My next stop was East Kalimantan, Indonesia, and to a part of Borneo I had never visited before. I flew into the town of Berau and was amazed at how much forest cover there was. In Sabah, and much of Malaysia, the main view from the plane window is oil palm, which often extends as far as the eye can see. While in Berau, I attended the International Symposium on Tropical Forest and Environmental Science, which was hosted by our Indonesian collaborators Universitas Mulawarman. I was honored to give a keynote talk entitled ‘Acoustic monitoring of vocal Southeast Asian primates and their habitats: recent advances and challenges.’ One of the highlights of my time in Berau was visiting ‘Jalan Durian,’ or “durian street.” As durian has a very strong smell, most people prefer to not eat it in their homes, and there is a whole culture around eating durian where people go to the durian stands, pick out their durian, and have the vendor chop it open with a machete. During my visit to Jalan Durian I discovered that after more than 8 years working on Borneo that I actually like durian, and I also got to spend some quality time with my Indonesian collaborators.

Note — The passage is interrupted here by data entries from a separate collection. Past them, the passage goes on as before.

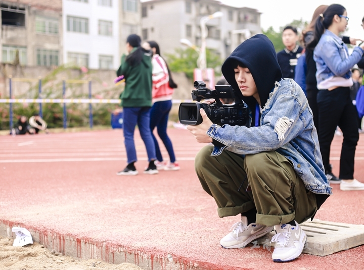 運(yùn)動(dòng)場(chǎng)上還有一些別樣的身影,他們或席地而坐尋找最佳拍攝角度,或拿著紙筆記錄賽況,或?yàn)榱瞬蹲竭\(yùn)動(dòng)員的身影飛奔到最佳位置按下快門。他們是這場(chǎng)賽事的記錄者,為了更好的呈現(xiàn)這一重大賽事而努力著。用相機(jī)定格賽場(chǎng)經(jīng)典瞬間,用攝像機(jī)留住永恒,從清晨到夜幕,只為呈現(xiàn)最精彩的場(chǎng)面,他們是黨委宣傳部新聞中心的記者們。凡是有“熱鬧”的地方總少不了這樣一群奔跑在運(yùn)動(dòng)場(chǎng)上的學(xué)生記者們。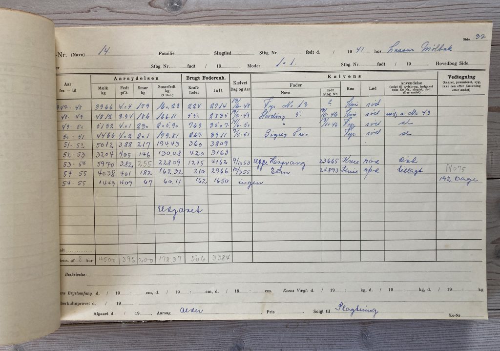 Kontrolassistent Hans Langhoff Nedergaard har bidraget med foto fra mælkekontrol bogen for “St. Gøgsig”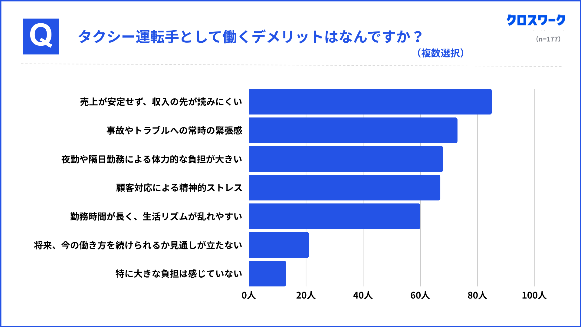 一方で、デメリットについては「売上が安定せず、収入の先が読みにくい」(85名、48.0%)が最多となりました。次いで、「事故やトラブルへの常時の緊張感」(73名、41.2%)、「夜勤や隔日勤務による体力的な負担」(68名、38.4%)、「顧客対応による精神的ストレス」(67名、37.9%)、「勤務時間が長く、生活リズムが乱れやすい」(60名、33.9%)が挙がっています。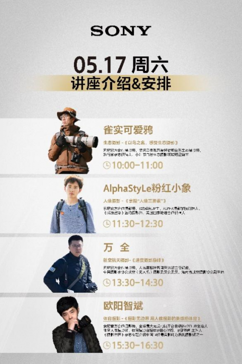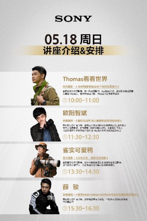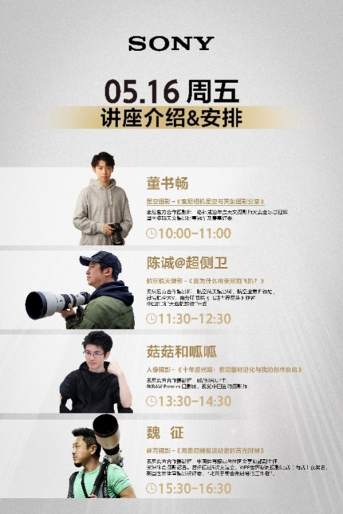 5月16日到19日上午,索尼還將在展臺(tái)舉辦14場(chǎng)攝影師講座和互動(dòng)分享,邀請(qǐng)多位索尼官方合作攝影師親臨現(xiàn)場(chǎng),圍繞人像、生態(tài)、體育、航空等不同題材,深入講解實(shí)戰(zhàn)拍攝經(jīng)驗(yàn),為現(xiàn)場(chǎng)影友在未來創(chuàng)作中提供更多靈感,啟發(fā)更多影像表達(dá)的可能。

My final stop on Borneo for this trip was also in East Kalimantan, but in the town of Samarinda. My experience as a visiting scientist in Indonesia was amazing, and Universitas Mulawarman (which is based in Samarinda) was a wonderful host. They invited me to give a guest lecture for students at the university, and I was amazed to see when I arrived at the university that they had printed a giant banner with my face on it (see below)! This seems to be very common in Indonesia, as this was actually the third banner I have seen with my face printed on it. In addition to spending time with our collaborators at the university, I also spent a substantial amount of time with Arif, our collaborator from Yayasan Konservasi Alam Nusantara, Indonesia, while I was in Samarinda. Arif and I worked to prepare almost 100 autonomous recorders for deployment in Wehea Protection Forest, East Kalimantan, for a project we are working on to estimate population density of Bornean gibbons using acoustic data. Funding for this project is provided by the David R. Atkinson Center for a Sustainable Future. This work is supported by the Atkinson Center for Sustainable Future, and is a collaboration among The Nature Conservancy (Eddie Game, Arif Rifqi), Cornell Department of Natural Resources (Angela Fuller and Ben Augustine), and the US Geological Survey (Andy Royle).
The incredible jungles and wildlife were what first brought me to the island of Borneo, but my interactions with my local collaborators have been some of the most rewarding aspects of my time there. I feel very lucky to have been able to have these experiences and will continue to work closely with Indonesians and Malaysians to help improve conservation efforts of gibbons and their habitats for years to come.